Relationships: Peter Hale/Stiles Stilinski
Comments: 15
Kudos: 320
Collections: Steter Week 2020





	a midnight stroll through a rainstorm

**Author's Note:**

> For the Steter Week 2020 visual prompt: _rain_

It’s midday Saturday when Scott calls and begs Stiles for a favor. Stiles, two days into his pre-heat, is fully prepared to deny him, but those puppy eyes are lethal, even through a phone, and he ends up agreeing to swap patrol shifts with Scott. So he changes his clothes and heads out and is pleased when Peter joins him five minutes is.

It’s stupid, really, and irrational, but of all the alphas and betas in the pack, Peter is the one that gets his proverbial hackles up the least. Maybe because, unlike the rest, Peter doesn’t use his dynamic as an excuse to act like an asshole – instead relying on his own personal charm to earn the title.

Stiles thinks at some point, a tally of all the shifts he’s spent with Peter running through his mind, that this might not be so bad.

Forty minutes later, they’re running for their lives.

“Fucking hunters,” Stiles growls, slogging his way through the mud. “Always ruining everything.”

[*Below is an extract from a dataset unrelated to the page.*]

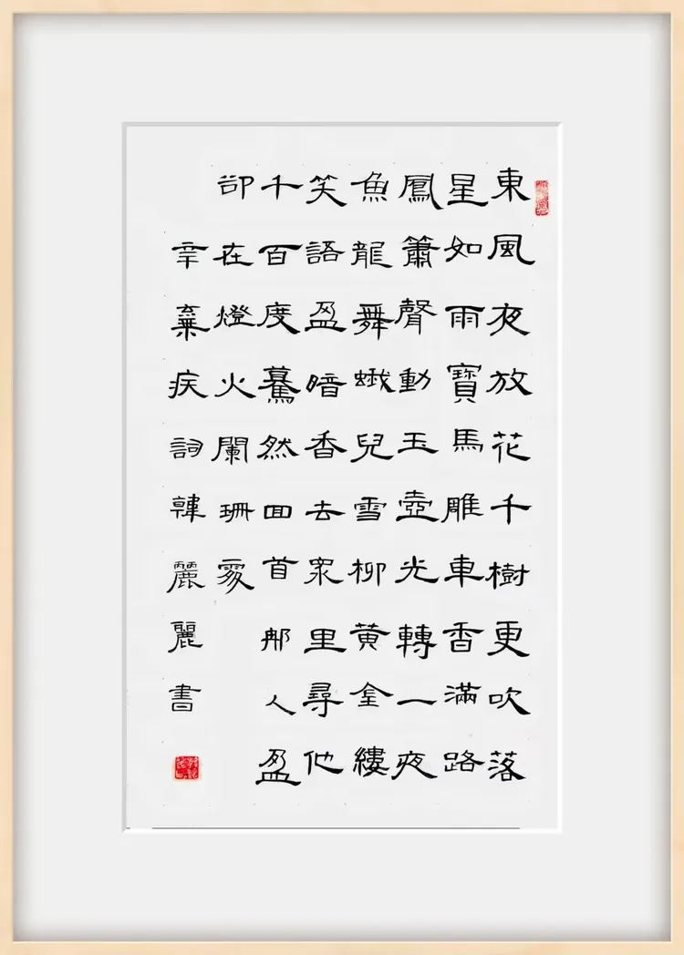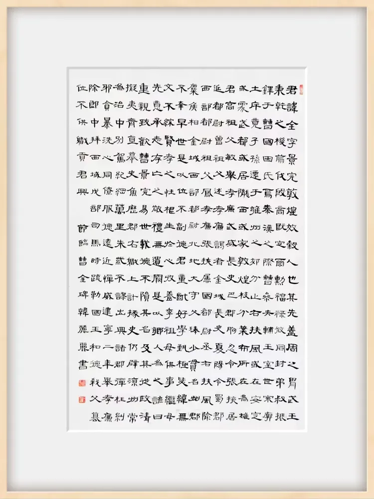 隶书:取法《张迁碑》《曹全碑》,融合简牍书法灵动特质,结体严谨而不失秀逸,蚕头燕尾变化丰富,兼具古朴厚重与时代新意。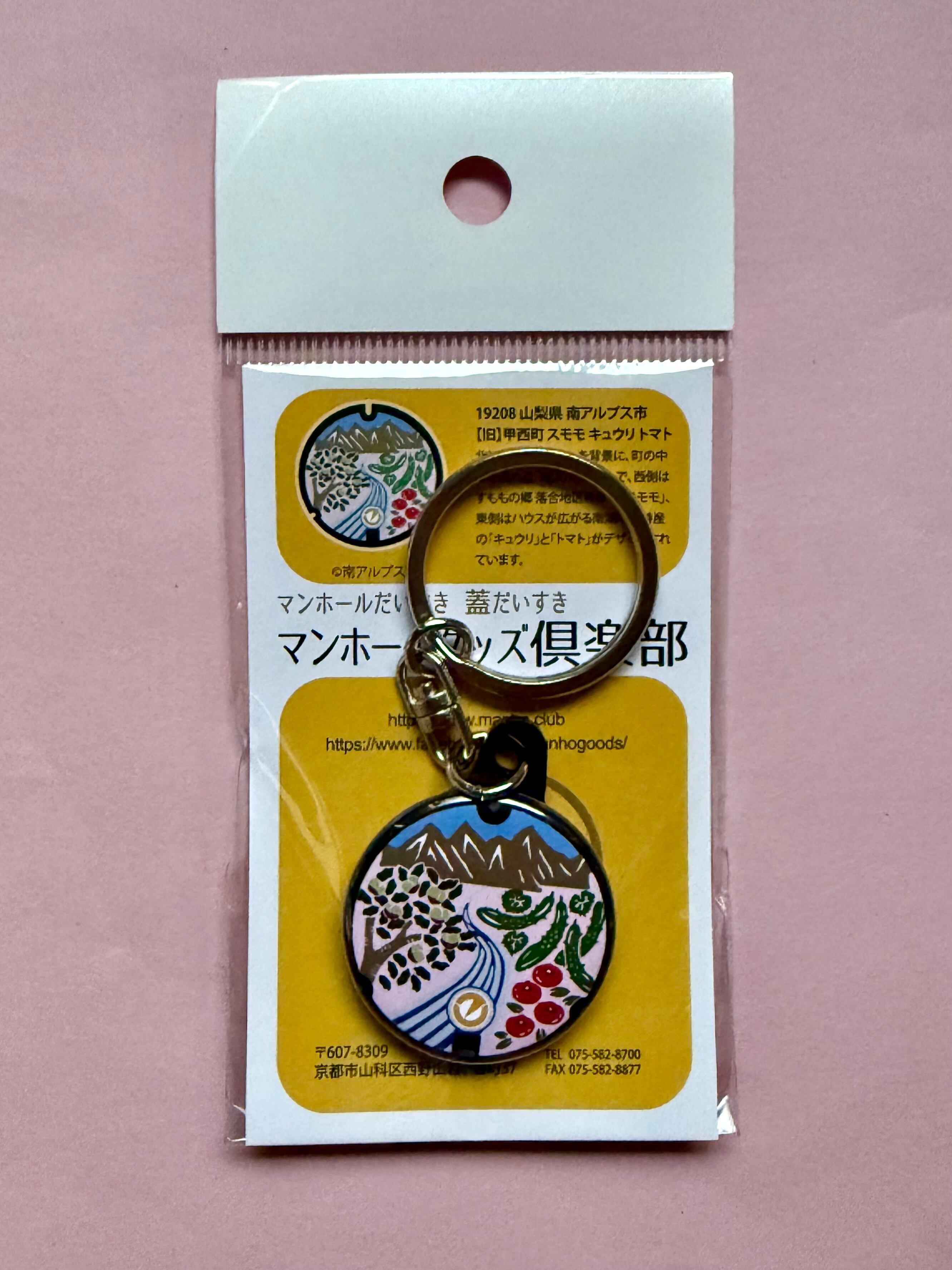 毎年ご購入いただいているカスタマー様、初めてお目にするマンホールグッズ倶楽部のお客様、お待たせしました!ユニークなデザインのキーホルダーが遂に完成しました。この商品は、山梨県南アルプス市(旧甲西町)の特産品であるスモモ、キュウリ、トマトをテーマにしたデザインが魅力です。

He’s out of breath, legs and lungs protesting the flat out sprint of the last who even knows how long. The adrenaline’s starting to fade, the tepid beginning’s of exhausting slowly rearing it’s head and, to be perfectly honest, he really doesn’t think he can go much further.

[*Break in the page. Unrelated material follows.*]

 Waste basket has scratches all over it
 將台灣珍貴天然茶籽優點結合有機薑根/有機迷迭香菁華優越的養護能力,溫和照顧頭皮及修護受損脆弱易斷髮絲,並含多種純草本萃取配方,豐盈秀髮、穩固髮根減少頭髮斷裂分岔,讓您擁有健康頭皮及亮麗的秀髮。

Ahead of him, leading the way and dragging him along, Peter snorts. “You have awfully low standards.”

Because focusing on Peter is better than thinking about what awaits them if they stop moving, Stiles takes offense. “Excuse you,” he says, grip tightening on Peter’s hand as something – probably a tree root (they are in the Preserve, after all) – snags his ankle and nearly takes him down. “I will have you know that my standards are reasonable. Very reasonable. So reasonable, in fact, that they spend their time reasoning with everyone else’s stupidly _high_ expectations.”

“Is that right?”

“Yes!”

Peter just hums and Stiles silently flips him off. In his head, obviously, he’s way too tired to do it for real. 

But Peter must sense his intentions anyway – all that werewolf-ism...ish? – and glances over his shoulder. His eyes are glowing, too-bright in the darkness, and momentarily leaves Stiles blinking away white spots in his vision, and yet he still catches the tightening of Peter’s mouth, the way he seems to look past Stiles, deeper into the spaces they’ve left behind.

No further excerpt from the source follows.